◆ EXTRACTED MATERIAL:
+ + + +
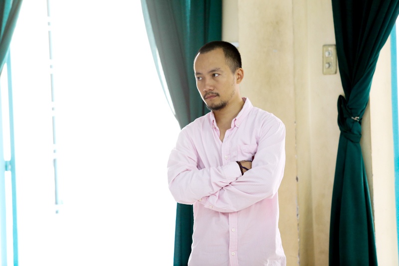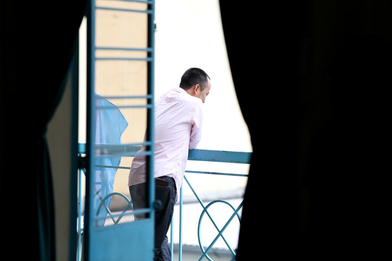 | Hình ảnh căng thẳng của Tiến Đạt khi giận bạn gái trước đó. Anh thậm chí còn bỏ ra ban công đứng một mình, mặc Hari luyện tập. |
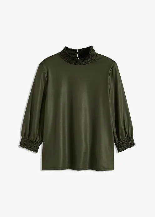 Hochgeschlossenes Langarmshirt aus Lederimitat-Optik
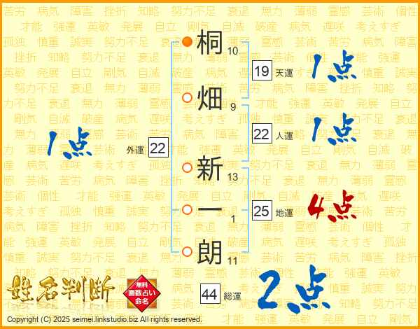 桐畑新一朗さんの総運は44画の2点!
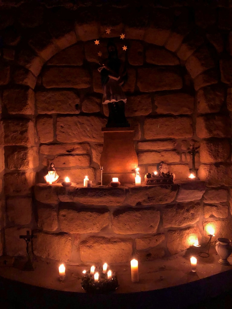 Po příjezdu k hasičárně jsme připravili nástroje, rozezpívali se a vydali jsme se pěšky ke kapličce jen s několika doprovodnými nástroji v ruce. Místní maličká kaplička, nejvýznamnější kulturní památka obce z roku 1796, nemá ani zavedenou elektřinu, ale zdálky nás přivítala do tmy svítícím okénkem – vnitřek byl ozářen pouze svíčkami – byl to jediný zdroj světla i tepla v tomto prostoru. Počítali jsme s tím a vzali i pár lampiček, které se nám již několikrát osvědčily.
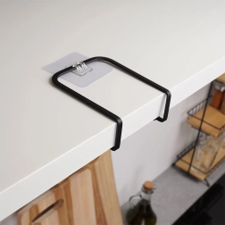 De montage is zo gedaan – de houder hoef je alleen over de plank te schuiven, zonder boren of gereedschap. Voor extra stabiliteit is er een transparante zelfklevende pad inbegrepen. De hoogwaardige metalen constructie garandeert een lange levensduur en betrouwbare draagkracht.
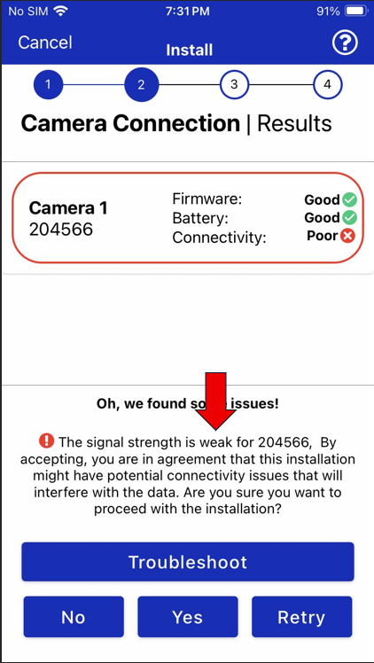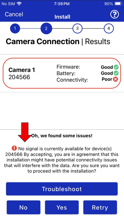 In some locations, you may not have cellular connectivity at all. In those cases, installation cannot be completed successfully.
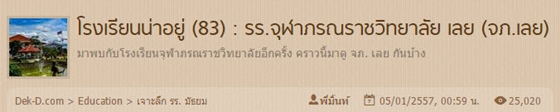 มาต่อกันที่โรงเรียนจุฬาภรณราชวิทยาลัย เลย หรือ จภ.เลย เป็นอีกโรงเรียนในฝันของใครหลายๆ คน ถึงนักเรียนที่นี่จะไม่เยอะ แต่ก็อยู่กันอย่างอบอุ่น และโรงเรียนก็น่าอยู่มากๆ ด้วย ไปดูรายละเอียดกันเลย (คลิก)
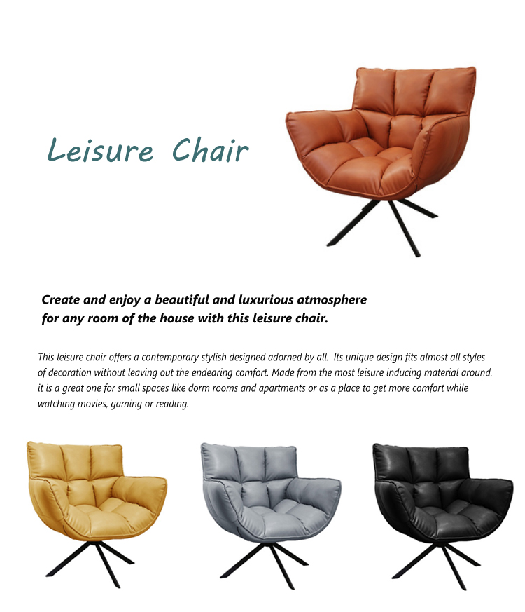 This leisure chair offers a contemporary stylish designed adorned by all. Its unique design fits almost all styles of decoration without leaving out the endearing comfort. Made from the most leisure inducing material around, it is a great one for small spaces like dorm rooms and apartments or as a place to get more comfort while watching movies, gaming or reading.
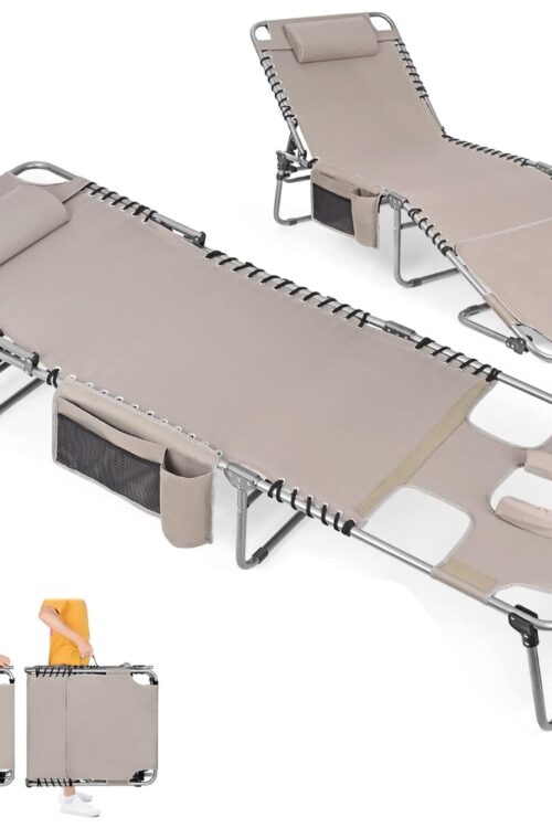 - 【TANNING CHAIR WITH FACE HOLE】This tanning chair features a convertible open/close face-down hole, arm slots, and a pillow. A practical sunbathing lounge chair for outside, poolside, patio, lawn, garden, beach, and more. It can be used as a camping cot, lounge chair, or guest bed.
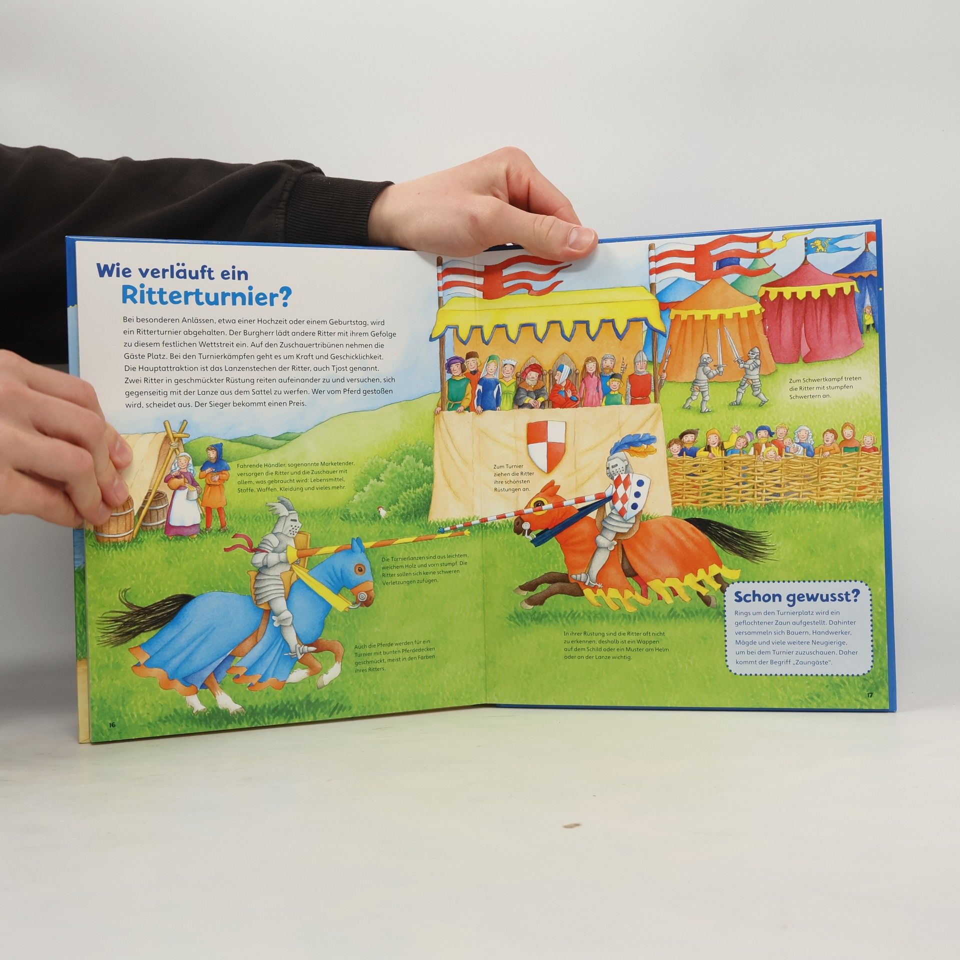Was gehört zu einer Ritterburg? Wie wurde man Ritter? Woraus besteht eine Ritterrüstung? Das erste Sachbuch wendet sich an kleine Entdecker ab 4 Jahren und führt mit kurzen Texten, Entdecker-Klappen, kleinen Rätseln und Spielen in das große Thema Mittelalter ein. Viele anschauliche Details vermitteln ein lebendiges Bild von Burganlage und Palas, Mägden und Knechten, Pagen und Knappen, Gauklern und "fahrendem Volk", Ballista und Katapult. Es werden Mönch und Knappe interviewt und die Benimmregeln für eine Festtafel hinterfragt.
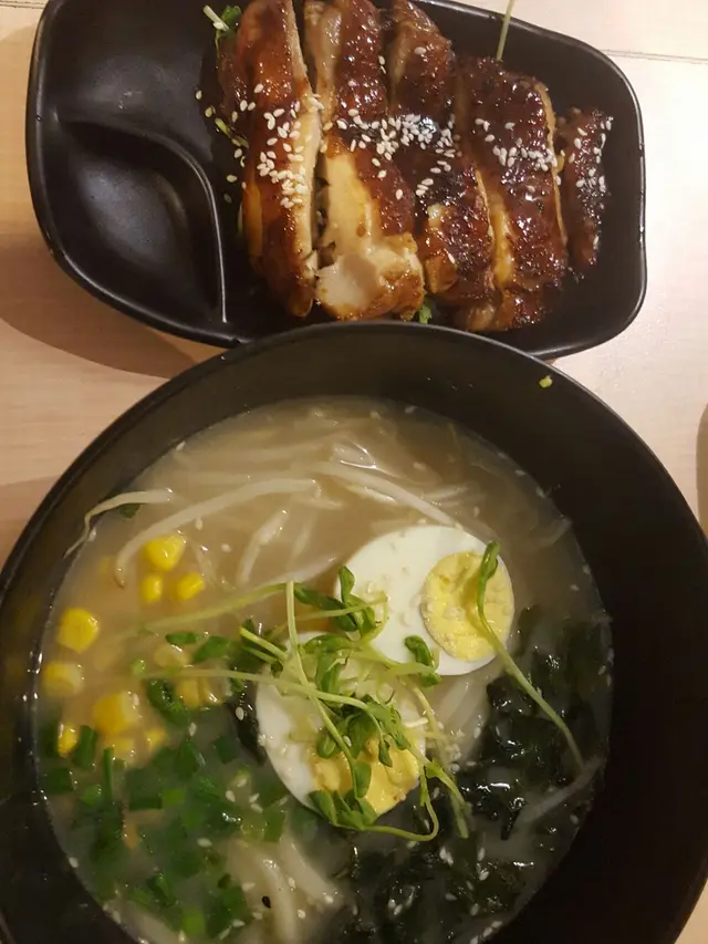 到烏冬來到後, 先試試他們的自家豚骨湯底, 嗯..有點鹹... 配料有些粟米,昆布, 蔥, 菜苗, 芝麻, 芽菜, 半隻蛋 (相片多了半隻蛋是朋友給我的), 印象中和隔離間的火山石好似.....但味道差很遠.. 這個烏冬真係好普通...份量都幾少...鰻魚汁照燒雞扒都冇乜特別, 唔係好食到鰻魚汁味..
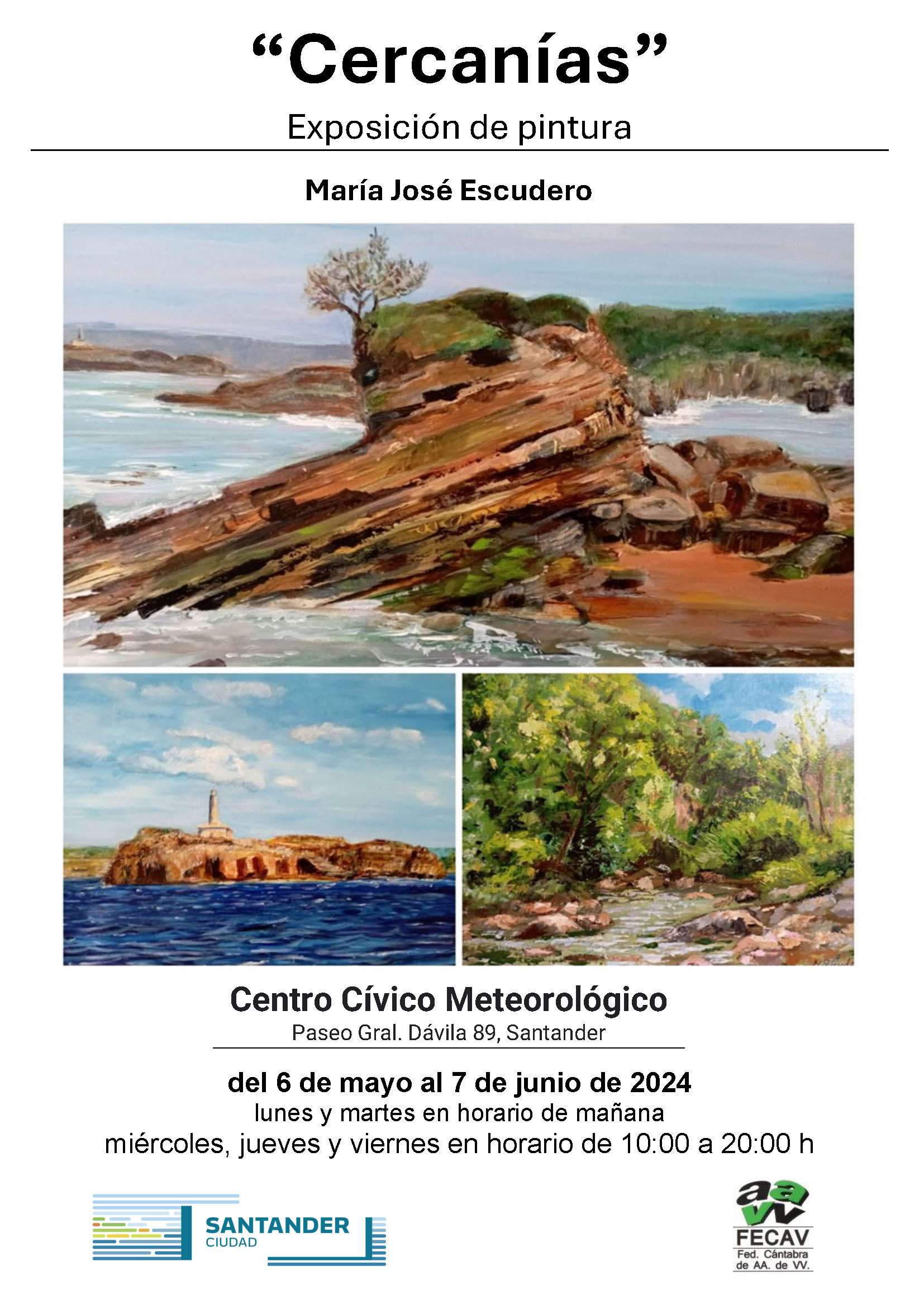 “Cercanías” es la primera exposición individual de María José Escudero, que presenta en el Centro Cívico Meteorológico de Santander una selección de 22 pinturas de paisajes en acrílico sobre lienzo o tabla, realizadas durante los últimos diez años. El título de la exposición alude a su entorno geográfico más próximo, ese que rodea la bahía de Santander y se adentra en el interior de Cantabria, ascendiendo hasta los Picos de Europa.
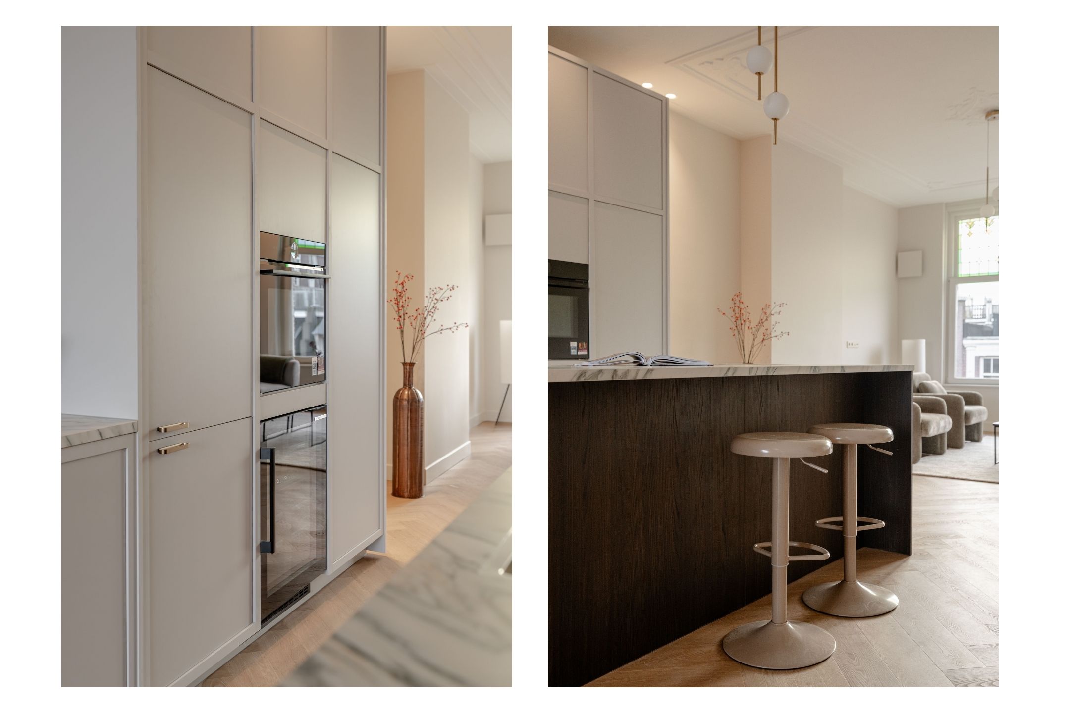 This luxurious apartment is located on the third floor and is characterised by a spacious and open layout, with large windows at both the front and rear providing pleasant natural light throughout the day. The apartment is finished to a high standard and offers a comfortable living environment with a calm and refined atmosphere. The living room is situated at the front of the apartment and features a ceiling height of approximately 3.07 metres. Together with the kitchen and dining area, it forms one generous open-plan living space. The luxurious kitchen is centrally positioned within the apartment and is designed around a spacious cooking and sink island, fitted with an induction hob, sink and Quooker. In addition, the kitchen is equipped with a refrigerator, freezer, combi oven, climate cabinet and ample cupboard space. The island also functions as a comfortable bar area. At the rear of the apartment is the covered balcony, offering attractive views over the green gardens at the back and providing a peaceful outdoor space to relax. At the front of the apartment, the hallway provides access to the first bedroom, the separate toilet, the laundry/storage room and the first bathroom. This bathroom is fitted with a walk-in shower and a double washbasin with vanity unit. The second bedroom is located at the rear of the apartment and features fixed wardrobe space and an en-suite bathroom, equipped with a walk-in shower and a washbasin with vanity unit.
+ + + +
◆ ABOUT THIS EXERCISE:
Could you please write out exactly the lines from the start of the entries above through the line that holds "Po příjezdu k", both included, with no pictures?

◆ THE ANSWER:
 | Hình ảnh căng thẳng của Tiến Đạt khi giận bạn gái trước đó. Anh thậm chí còn bỏ ra ban công đứng một mình, mặc Hari luyện tập. |
 Hochgeschlossenes Langarmshirt aus Lederimitat-Optik
 桐畑新一朗さんの総運は44画の2点!
 Po příjezdu k hasičárně jsme připravili nástroje, rozezpívali se a vydali jsme se pěšky ke kapličce jen s několika doprovodnými nástroji v ruce. Místní maličká kaplička, nejvýznamnější kulturní památka obce z roku 1796, nemá ani zavedenou elektřinu, ale zdálky nás přivítala do tmy svítícím okénkem – vnitřek byl ozářen pouze svíčkami – byl to jediný zdroj světla i tepla v tomto prostoru. Počítali jsme s tím a vzali i pár lampiček, které se nám již několikrát osvědčily.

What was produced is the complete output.